• [Your task] All that is needed is the lines from the one containing "антуражный Гиннесс победителям!" through the end of the listing, printed exactly, with no pictures among them.

• [Supplied material]
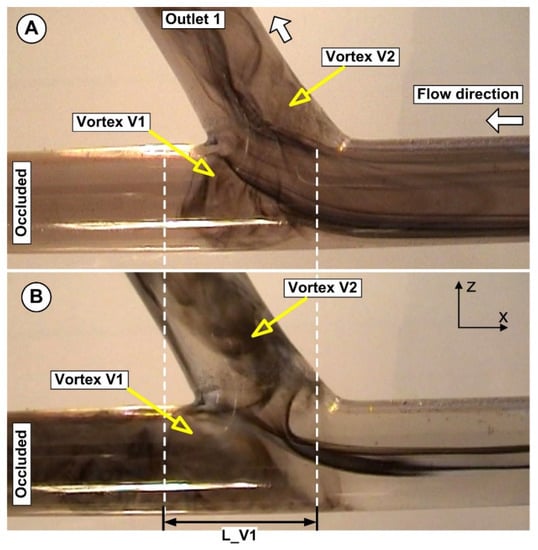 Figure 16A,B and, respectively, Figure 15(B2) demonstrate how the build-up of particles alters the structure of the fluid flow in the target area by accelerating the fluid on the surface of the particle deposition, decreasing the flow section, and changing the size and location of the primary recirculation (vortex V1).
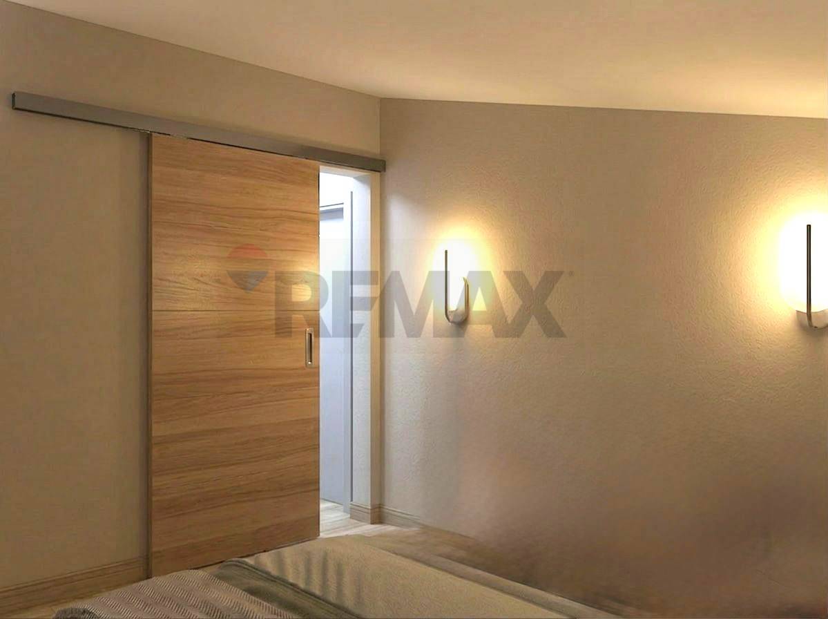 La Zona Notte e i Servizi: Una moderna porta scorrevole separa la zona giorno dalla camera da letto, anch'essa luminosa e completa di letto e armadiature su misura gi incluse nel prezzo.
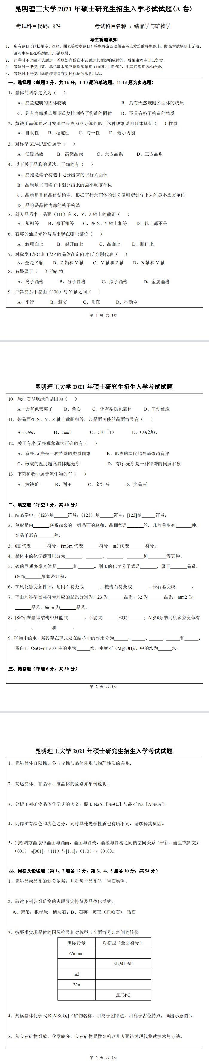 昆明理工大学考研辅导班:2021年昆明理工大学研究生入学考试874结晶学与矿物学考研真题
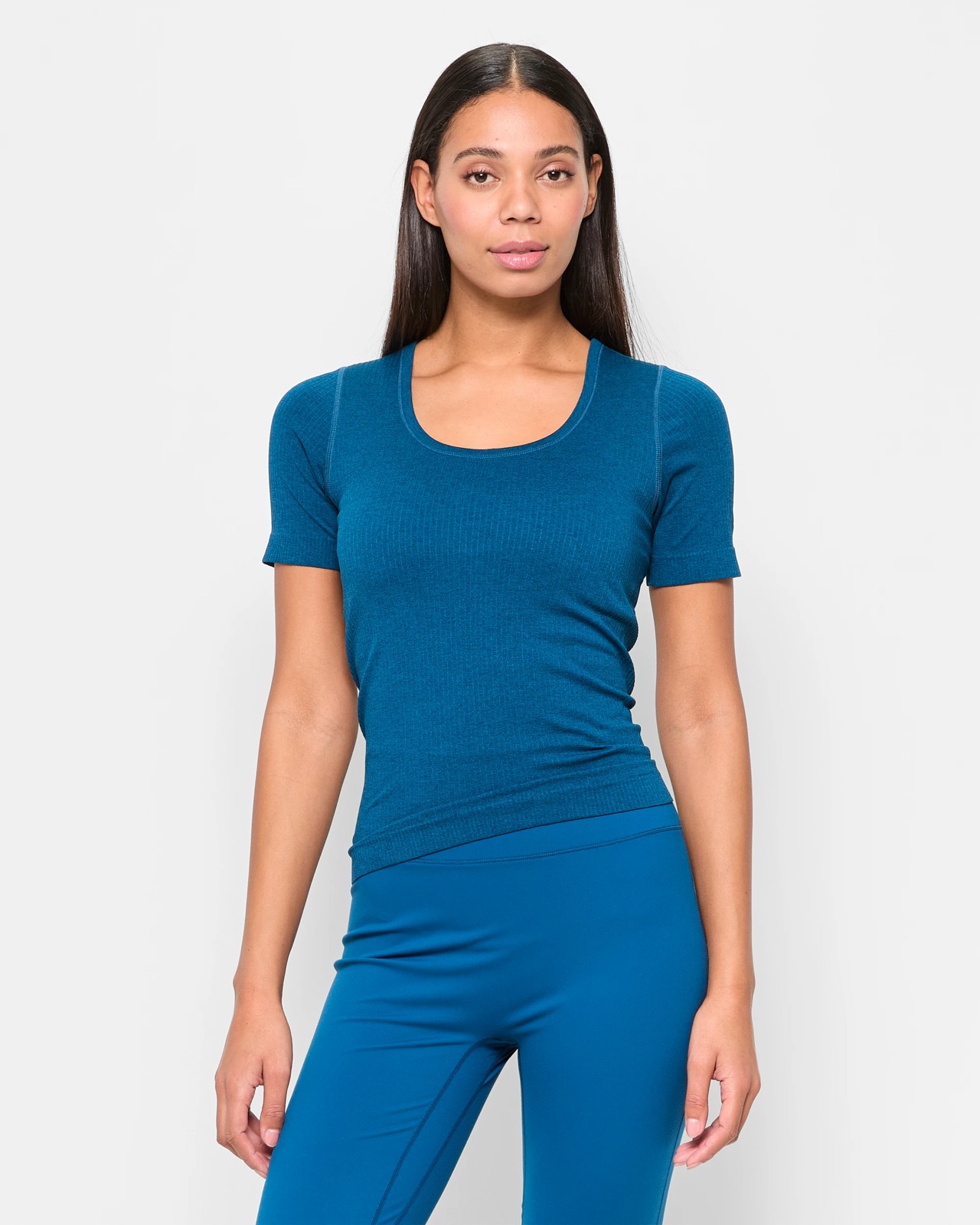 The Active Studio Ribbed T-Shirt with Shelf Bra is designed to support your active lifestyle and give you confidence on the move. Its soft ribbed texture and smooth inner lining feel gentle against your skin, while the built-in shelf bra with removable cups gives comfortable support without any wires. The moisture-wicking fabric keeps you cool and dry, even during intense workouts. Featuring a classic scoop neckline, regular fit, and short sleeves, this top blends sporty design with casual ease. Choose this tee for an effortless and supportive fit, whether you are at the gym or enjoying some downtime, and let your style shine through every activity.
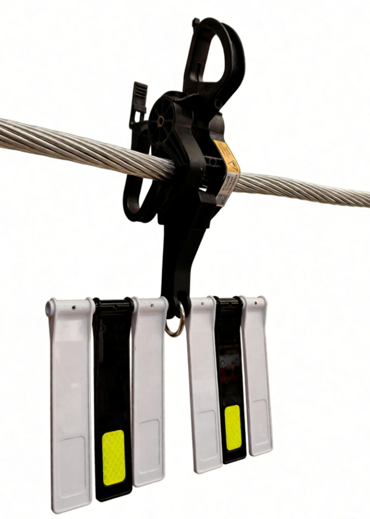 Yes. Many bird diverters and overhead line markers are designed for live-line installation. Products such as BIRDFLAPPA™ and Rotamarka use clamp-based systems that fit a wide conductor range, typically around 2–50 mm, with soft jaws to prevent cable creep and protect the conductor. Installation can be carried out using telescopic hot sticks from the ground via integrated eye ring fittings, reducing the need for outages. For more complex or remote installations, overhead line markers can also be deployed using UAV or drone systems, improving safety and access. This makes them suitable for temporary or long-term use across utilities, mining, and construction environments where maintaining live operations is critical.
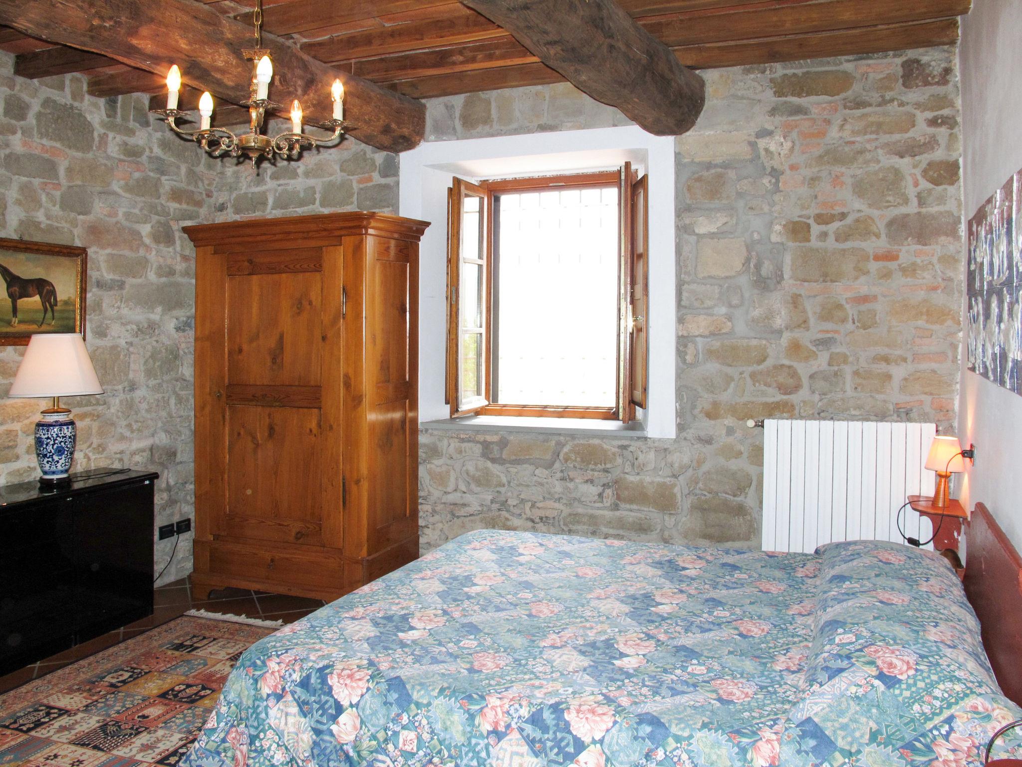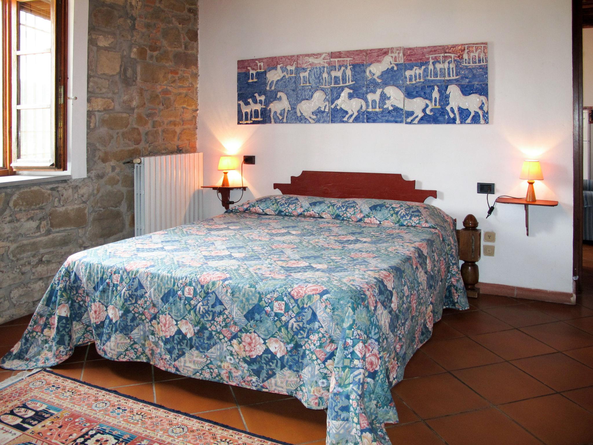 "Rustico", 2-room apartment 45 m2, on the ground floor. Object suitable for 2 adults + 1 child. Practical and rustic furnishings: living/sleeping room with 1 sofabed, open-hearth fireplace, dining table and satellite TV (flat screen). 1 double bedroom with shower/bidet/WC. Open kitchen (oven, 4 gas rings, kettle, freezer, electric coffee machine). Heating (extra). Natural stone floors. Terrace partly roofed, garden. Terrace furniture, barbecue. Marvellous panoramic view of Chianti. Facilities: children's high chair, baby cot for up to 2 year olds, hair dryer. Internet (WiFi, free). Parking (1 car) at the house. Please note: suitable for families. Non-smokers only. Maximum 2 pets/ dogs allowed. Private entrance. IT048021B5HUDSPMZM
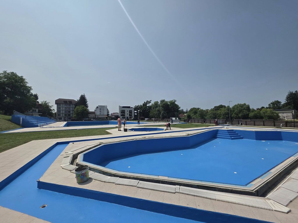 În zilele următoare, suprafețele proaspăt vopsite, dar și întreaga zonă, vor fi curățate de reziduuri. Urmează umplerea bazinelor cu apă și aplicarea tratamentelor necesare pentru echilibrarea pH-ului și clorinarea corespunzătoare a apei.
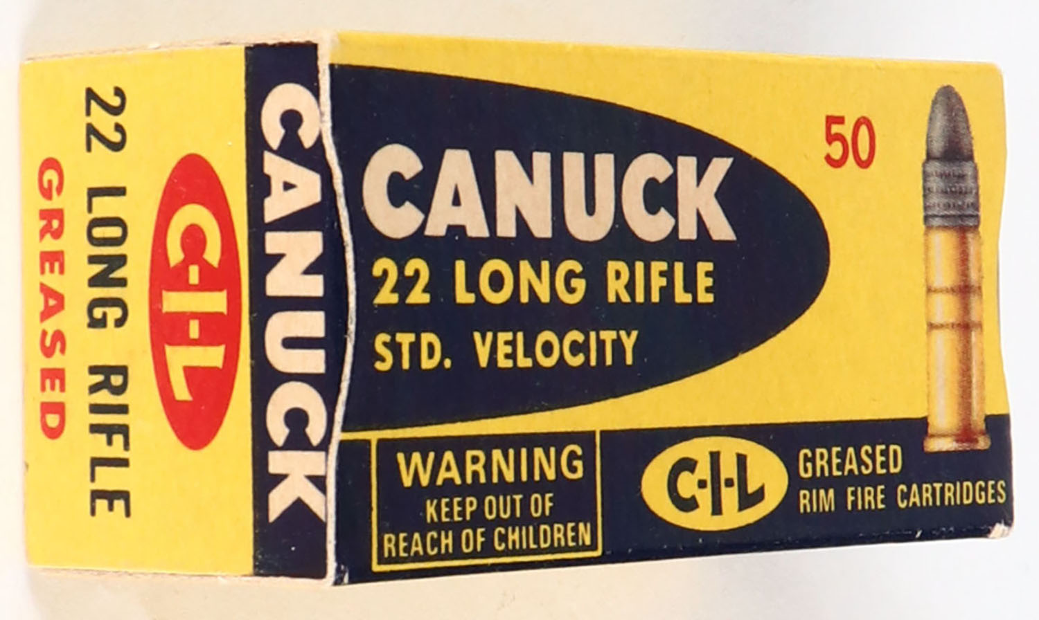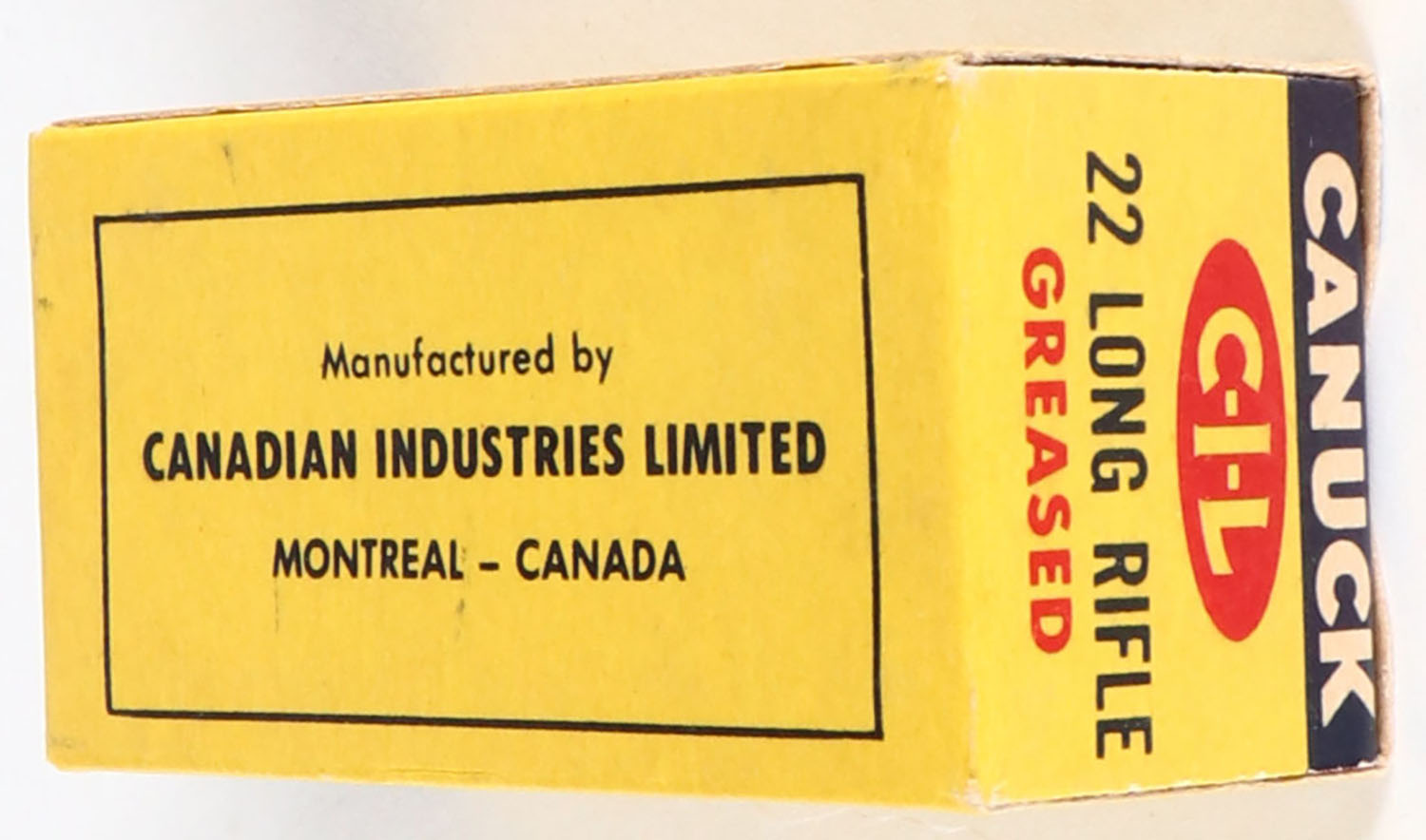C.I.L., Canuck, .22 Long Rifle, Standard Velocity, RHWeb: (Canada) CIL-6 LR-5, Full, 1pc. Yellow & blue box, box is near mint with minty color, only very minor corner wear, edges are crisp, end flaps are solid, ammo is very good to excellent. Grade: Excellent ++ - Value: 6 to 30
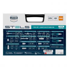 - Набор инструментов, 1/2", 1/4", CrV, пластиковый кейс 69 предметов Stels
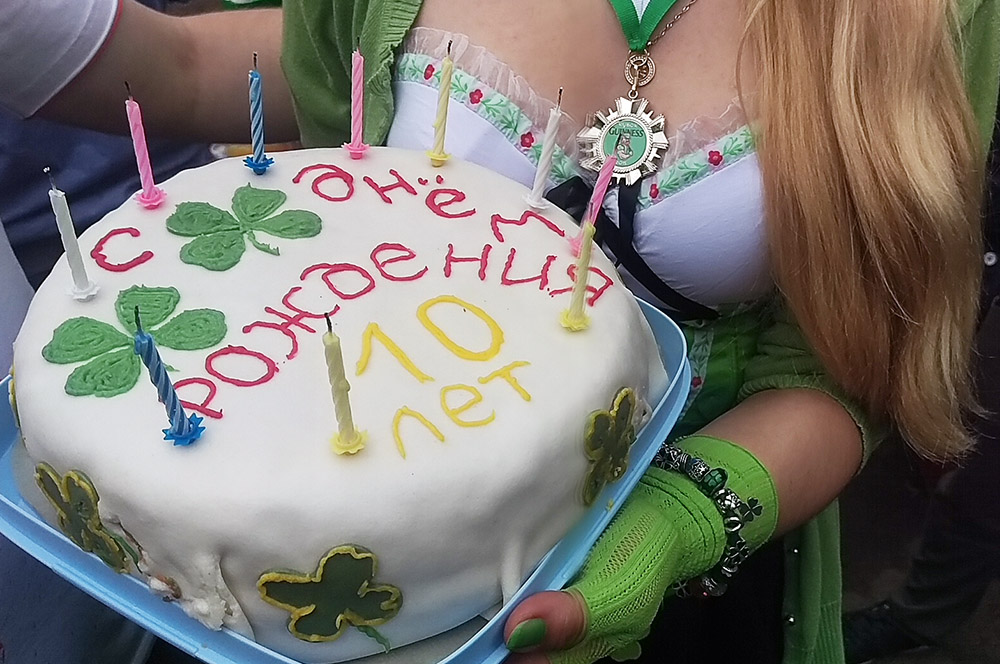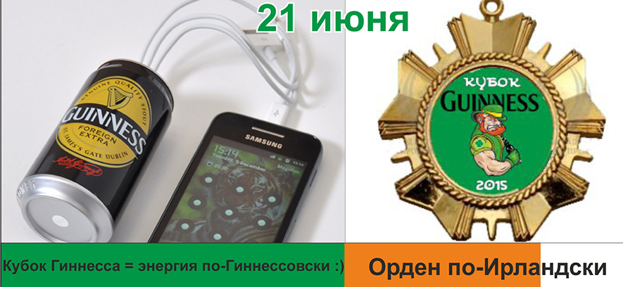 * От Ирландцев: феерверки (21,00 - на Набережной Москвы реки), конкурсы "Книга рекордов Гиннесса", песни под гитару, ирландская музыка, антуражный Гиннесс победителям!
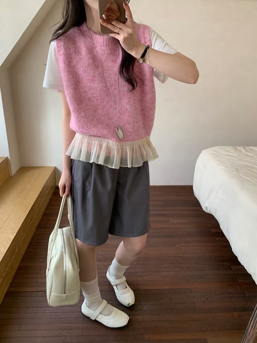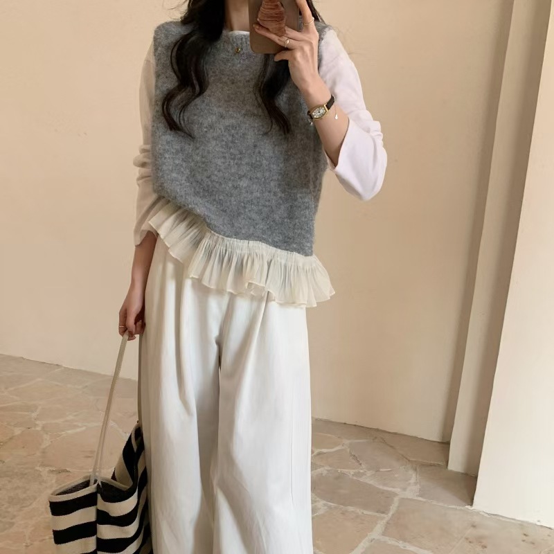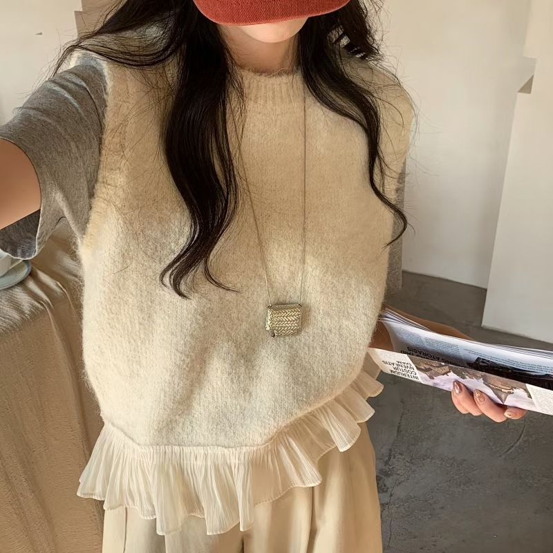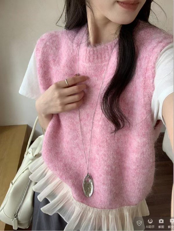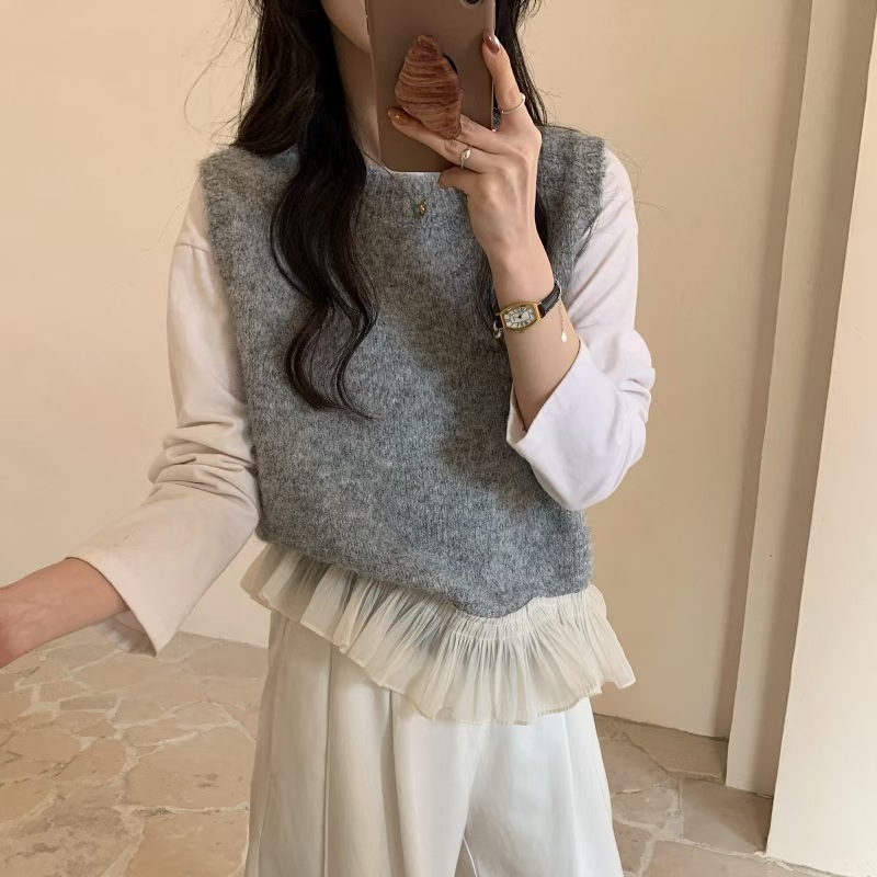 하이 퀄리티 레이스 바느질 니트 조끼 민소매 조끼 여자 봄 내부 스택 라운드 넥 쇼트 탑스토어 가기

• [Answer for this exercise]
 * От Ирландцев: феерверки (21,00 - на Набережной Москвы реки), конкурсы "Книга рекордов Гиннесса", песни под гитару, ирландская музыка, антуражный Гиннесс победителям!
 하이 퀄리티 레이스 바느질 니트 조끼 민소매 조끼 여자 봄 내부 스택 라운드 넥 쇼트 탑스토어 가기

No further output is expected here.